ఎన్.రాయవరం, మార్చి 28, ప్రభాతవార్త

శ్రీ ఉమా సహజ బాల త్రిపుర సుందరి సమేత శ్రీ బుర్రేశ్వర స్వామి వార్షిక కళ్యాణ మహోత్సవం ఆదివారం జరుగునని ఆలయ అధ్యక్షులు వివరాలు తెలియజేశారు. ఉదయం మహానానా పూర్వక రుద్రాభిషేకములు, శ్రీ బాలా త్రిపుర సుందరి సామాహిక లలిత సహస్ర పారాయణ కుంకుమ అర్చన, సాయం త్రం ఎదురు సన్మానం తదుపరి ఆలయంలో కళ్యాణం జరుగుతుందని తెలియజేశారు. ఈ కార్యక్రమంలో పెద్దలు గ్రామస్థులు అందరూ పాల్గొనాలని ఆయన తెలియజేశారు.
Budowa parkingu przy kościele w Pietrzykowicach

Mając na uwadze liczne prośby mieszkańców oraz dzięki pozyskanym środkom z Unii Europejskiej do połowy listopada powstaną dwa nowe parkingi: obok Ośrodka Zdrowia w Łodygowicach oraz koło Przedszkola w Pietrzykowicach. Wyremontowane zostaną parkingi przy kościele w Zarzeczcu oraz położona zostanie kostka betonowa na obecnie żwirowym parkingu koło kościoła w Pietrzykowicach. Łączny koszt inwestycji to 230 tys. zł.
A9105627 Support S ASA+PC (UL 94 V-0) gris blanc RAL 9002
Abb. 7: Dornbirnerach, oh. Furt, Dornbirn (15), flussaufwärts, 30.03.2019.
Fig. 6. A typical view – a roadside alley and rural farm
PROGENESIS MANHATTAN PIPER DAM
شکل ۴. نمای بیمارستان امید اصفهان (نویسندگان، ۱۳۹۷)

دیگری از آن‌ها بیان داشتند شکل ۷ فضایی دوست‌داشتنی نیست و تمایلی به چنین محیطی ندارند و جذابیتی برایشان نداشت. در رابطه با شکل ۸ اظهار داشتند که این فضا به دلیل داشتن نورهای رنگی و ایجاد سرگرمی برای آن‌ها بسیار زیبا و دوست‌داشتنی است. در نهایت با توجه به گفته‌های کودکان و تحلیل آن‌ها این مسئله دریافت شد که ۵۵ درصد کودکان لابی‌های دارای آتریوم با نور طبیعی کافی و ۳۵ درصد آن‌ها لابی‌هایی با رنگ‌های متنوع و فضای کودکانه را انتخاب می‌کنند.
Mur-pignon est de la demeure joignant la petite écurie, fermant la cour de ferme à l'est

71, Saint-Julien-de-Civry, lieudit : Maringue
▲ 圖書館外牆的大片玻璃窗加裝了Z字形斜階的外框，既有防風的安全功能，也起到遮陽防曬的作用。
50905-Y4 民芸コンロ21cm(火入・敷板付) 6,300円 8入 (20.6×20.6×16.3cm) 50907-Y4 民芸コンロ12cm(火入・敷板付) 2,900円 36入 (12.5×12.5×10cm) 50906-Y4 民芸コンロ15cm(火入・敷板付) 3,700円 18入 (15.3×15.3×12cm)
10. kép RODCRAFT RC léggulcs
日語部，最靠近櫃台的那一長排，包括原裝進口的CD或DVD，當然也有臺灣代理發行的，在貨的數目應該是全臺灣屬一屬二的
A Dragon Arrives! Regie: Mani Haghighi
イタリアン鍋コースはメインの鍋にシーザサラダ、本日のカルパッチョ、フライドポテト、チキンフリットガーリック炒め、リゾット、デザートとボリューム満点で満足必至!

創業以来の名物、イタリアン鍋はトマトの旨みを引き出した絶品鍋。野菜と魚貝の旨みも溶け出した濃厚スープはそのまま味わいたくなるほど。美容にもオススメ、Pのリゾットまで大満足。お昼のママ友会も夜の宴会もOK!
####################
# [PROBLEM DESCRIPTION]
All lines from the beginning of the listing through the one with "Budowa parkingu przy" are to be restated word for word, and only those.

# [ANSWER SECTION]
ఎన్.రాయవరం, మార్చి 28, ప్రభాతవార్త

శ్రీ ఉమా సహజ బాల త్రిపుర సుందరి సమేత శ్రీ బుర్రేశ్వర స్వామి వార్షిక కళ్యాణ మహోత్సవం ఆదివారం జరుగునని ఆలయ అధ్యక్షులు వివరాలు తెలియజేశారు. ఉదయం మహానానా పూర్వక రుద్రాభిషేకములు, శ్రీ బాలా త్రిపుర సుందరి సామాహిక లలిత సహస్ర పారాయణ కుంకుమ అర్చన, సాయం త్రం ఎదురు సన్మానం తదుపరి ఆలయంలో కళ్యాణం జరుగుతుందని తెలియజేశారు. ఈ కార్యక్రమంలో పెద్దలు గ్రామస్థులు అందరూ పాల్గొనాలని ఆయన తెలియజేశారు.
Budowa parkingu przy kościele w Pietrzykowicach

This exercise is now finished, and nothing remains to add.